### [Task objective]
Pull out every line in the data that has the string "étrangères" in it.

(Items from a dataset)
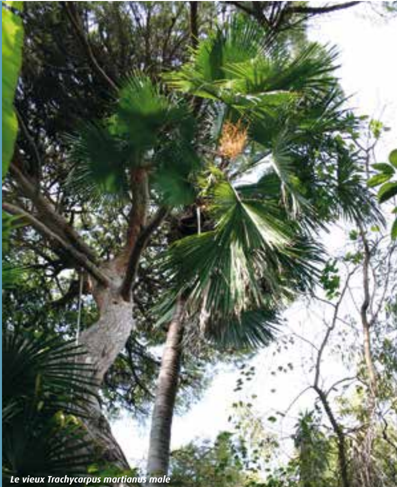
Le vieux Trachycarpus martianus mâle

de bambous le fameux Rhopalostylis sapida devant lequel plus d'un Fou s'est extasié car, malgré sa blessure, il a pu sortir indemne des épisodes hivernaux de 1985 et 1986. Encore un peu plus loin dans des dégagements apparaissent Trithrinax brasiliensis , Rhapidothylus hystrix , Serenoa repens , Phoenix rupicola et reclinata , des Chamaerops , mais
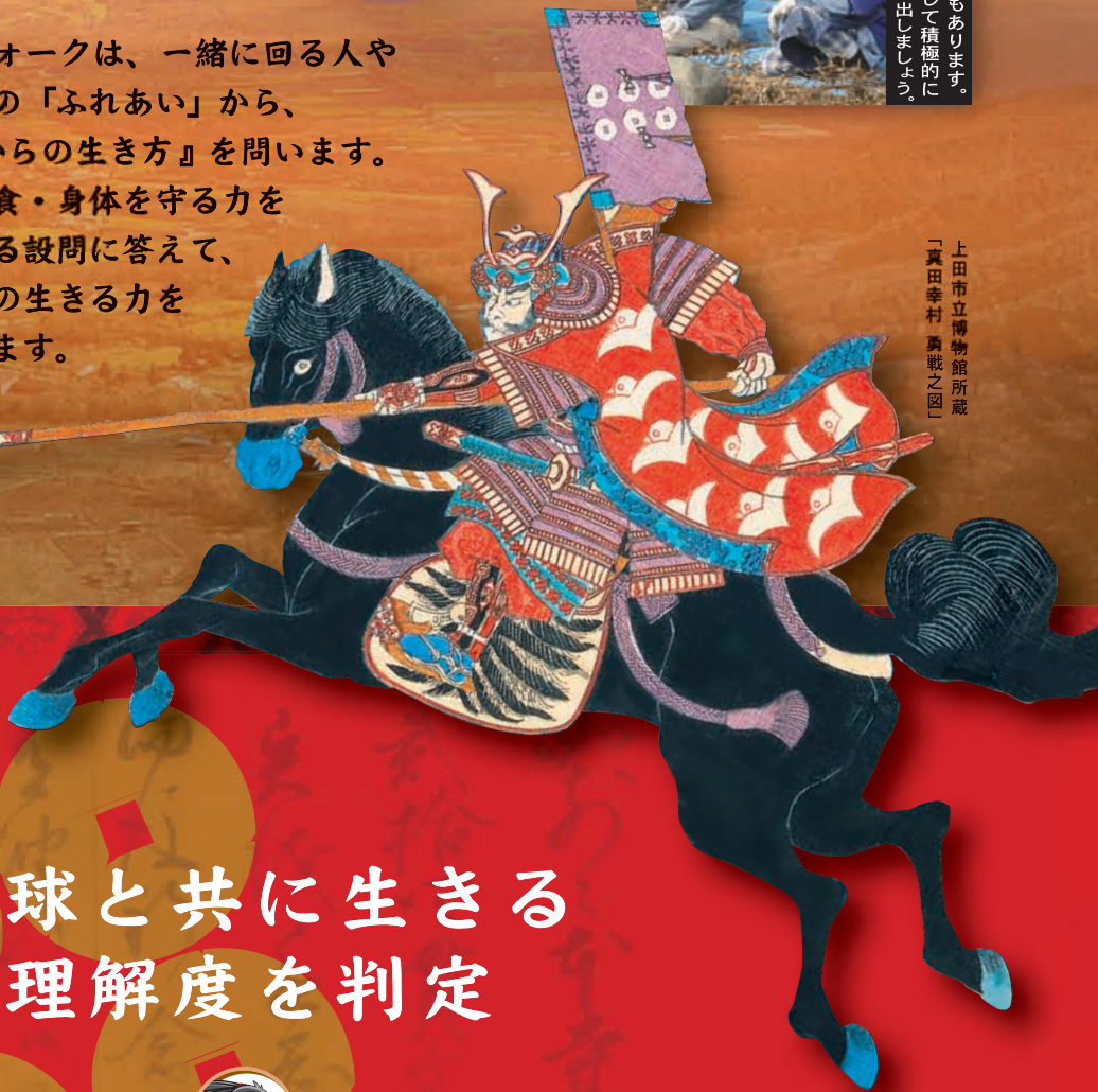
上田市立博物館所蔵 「真田幸村 勇戦之図」
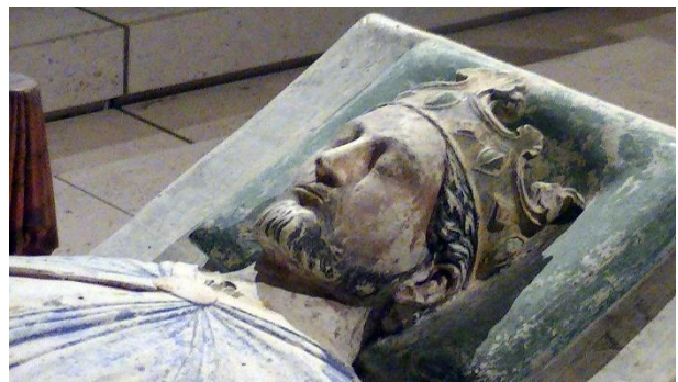
راست: ریچارد شیردل؛

چپ: سوزانده شدن ژان هوس بر اساس نقاشی‌ای از قرن ۱۵
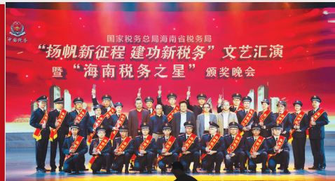
通过文艺汇演等多种形式,促进税务干部的融合。

历史车轮滚滚向前,世事沧桑瞬息万变,新中国成立70年来,税收工作随着改革开放的逐步深入而不断前行。从财税分家、国地税分设,再到国地税征管体制改革,一代代海南税务人不忘初心,砥砺前行,从“粗放型”管理到“精细化”管理,从“双腿走路”到“数据跑路”,变化的是日新月异的办税方式,但不变的,是始终以服务纳税人为根本,以减税降费惠民为遵循,以促进经济发展为主线,打造越来越便捷、高效的税收管理新格局。多年来,海南税务人以红色娘子军精神为动力铸造税魂,用忠诚、担当、奉献在琼州大地上写下了“为国聚财,为民收税”的壮丽新篇。
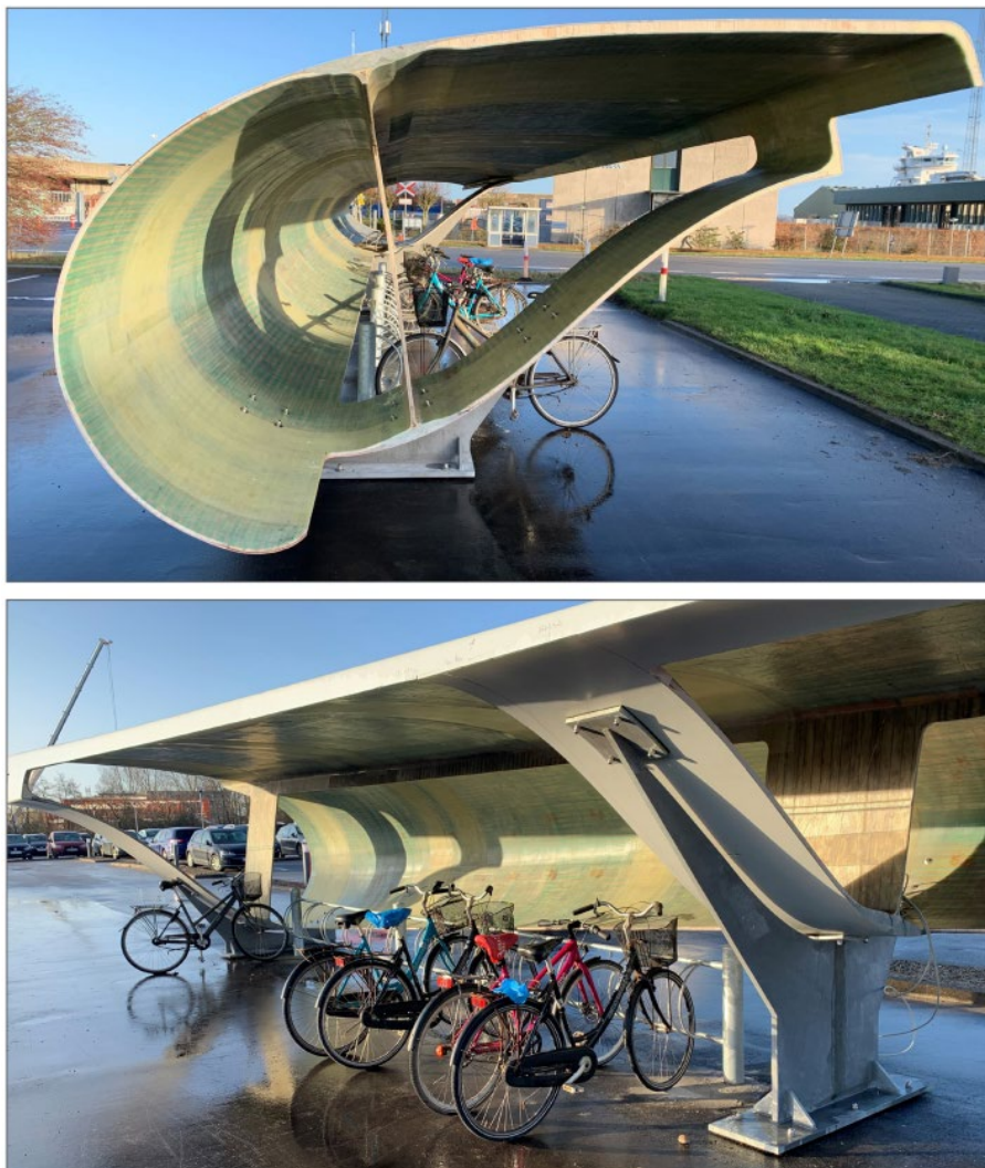
Figura 2 - Bike shed in Aalborg, Denmark
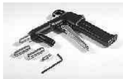
5I 315 01 Strahlpistole für alle Drucksysteme Air gun for all pressure systems
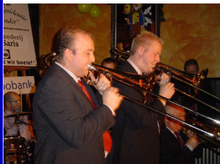
Trombone? Te moeilijk...
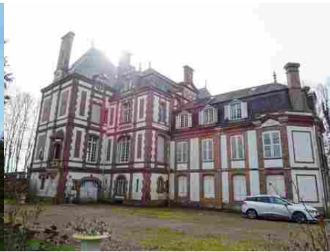
La façade est depuis les jardins
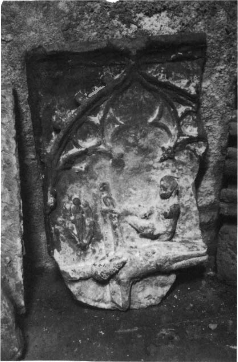
Fig. 7. Fragment Retaule Sant Andreu. Sacristia església Sant Miquel de Castelló de Farfanya.
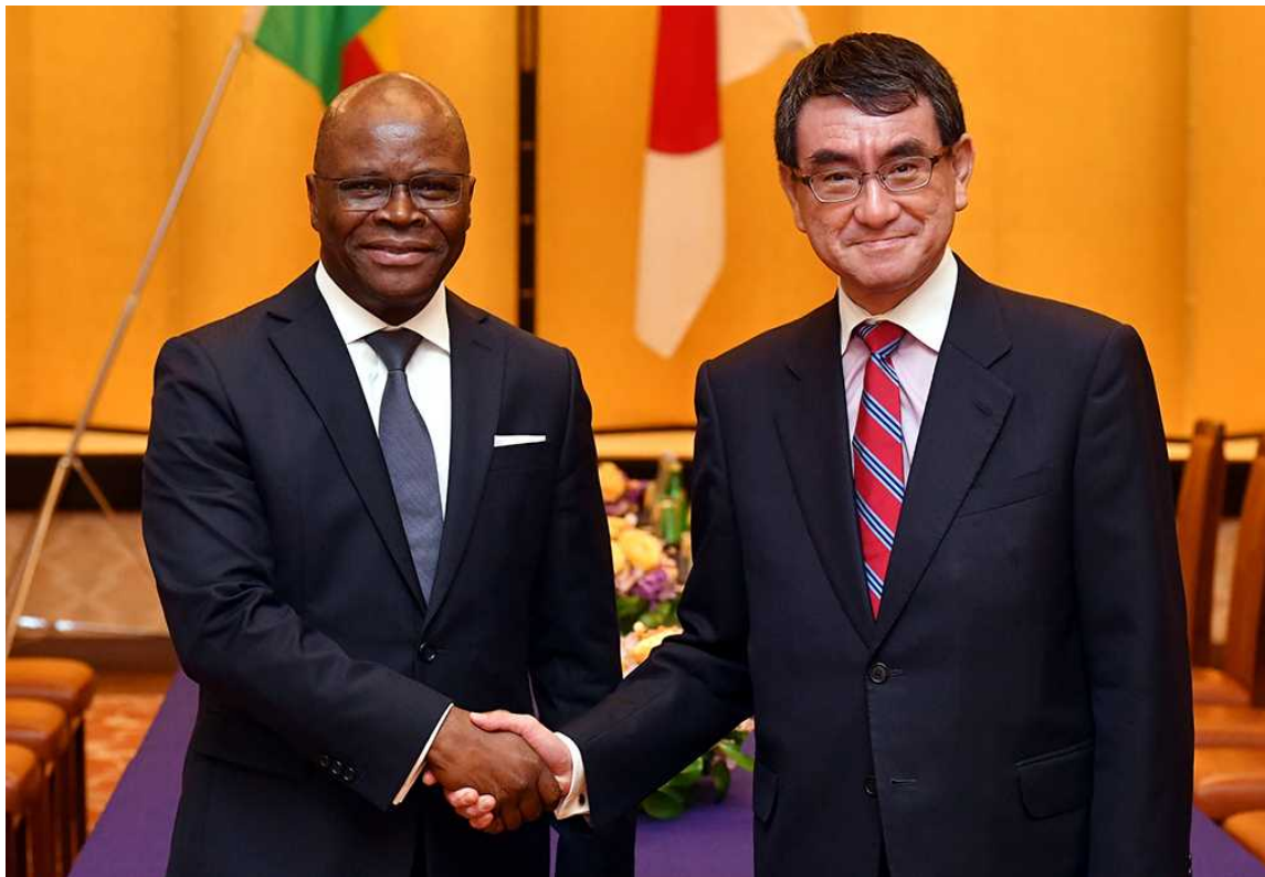
<Réunion ministérielle des Affaires étrangères entre le Japon et le Bénin, le 20 juin 2018, TOKYO>

Le ministre des Affaires étrangères et de la Coopération, Aurélien AGBENONCI, s'est rendu au Japon du 18 au 22 juin 2018, à l'invitation de son homologue japonais, M. Taro KONO. C'est la première fois depuis 5 ans que un Ministre des Affaires étrangères du Bénin se rend officiellement au pays du Soleil levant.
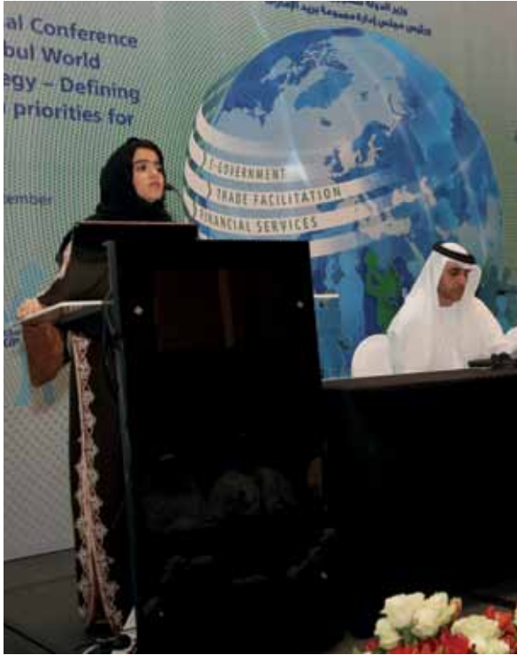
المنطقة العربية، الإمارات العربية المتحدة
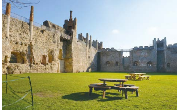
フラムリンガム城
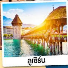
ลูซิิร์น

พิเศษ!! อาบน้ำแร่แช่น้ำอุ่น ณ เมืองลูคอร์เนด เมืองแห่งน้ำแร่สวีตเซอร์แลนด์
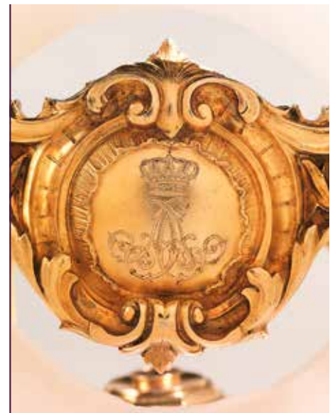
Monogramm König Alberts auf dem Rechaud

dung einzelner Teile und die Geschichte der Dresdener Goldschmiedefamilie Eckert, welche die Vergoldungen ausführte, sind noch weitgehend unbekannt und gilt es in nächster Zeit zu erforschen.
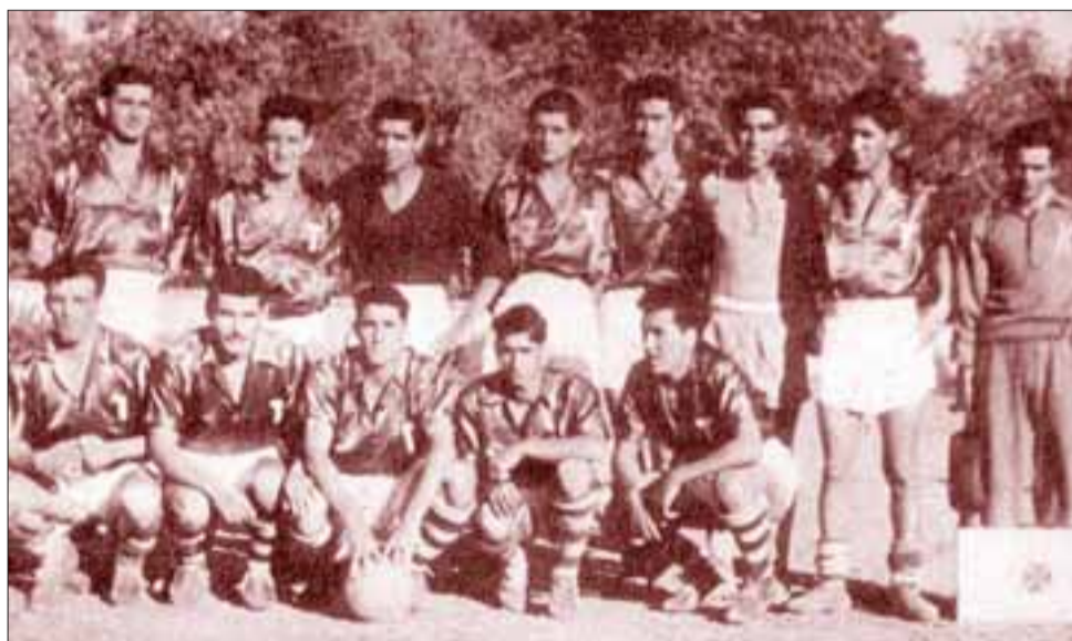
LOS PRIMEROS.- Unión San Felipe hizo historia desde que se creó con la fusión del Tarcisio y el Internacional, aquí con la primera formación en 1956.

El Consejo de Monumentos Nacionales ha enmarcado esta versión del DPC, como oportunidad para reconocer al deporte y
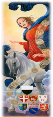
Palio edizione 2019
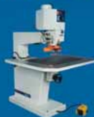
Router - копировально-фрезерный станок с верхним расположением шпинделя
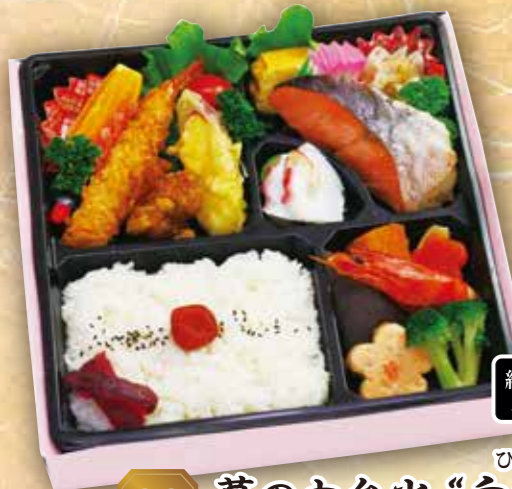
22 幕の内弁当 "向日葵" 紙箱入り ひまわり 本体価格 1,200円 (税込 1,296円)

みずほのさと 和田島の自社農園「瑞穂乃里」で採れた ご飯が美味しいと評判の御弁当です 数が必要な場合も お気軽にご相談ください

### [Completed task]
<Réunion ministérielle des Affaires étrangères entre le Japon et le Bénin, le 20 juin 2018, TOKYO>
Le ministre des Affaires étrangères et de la Coopération, Aurélien AGBENONCI, s'est rendu au Japon du 18 au 22 juin 2018, à l'invitation de son homologue japonais, M. Taro KONO. C'est la première fois depuis 5 ans que un Ministre des Affaires étrangères du Bénin se rend officiellement au pays du Soleil levant.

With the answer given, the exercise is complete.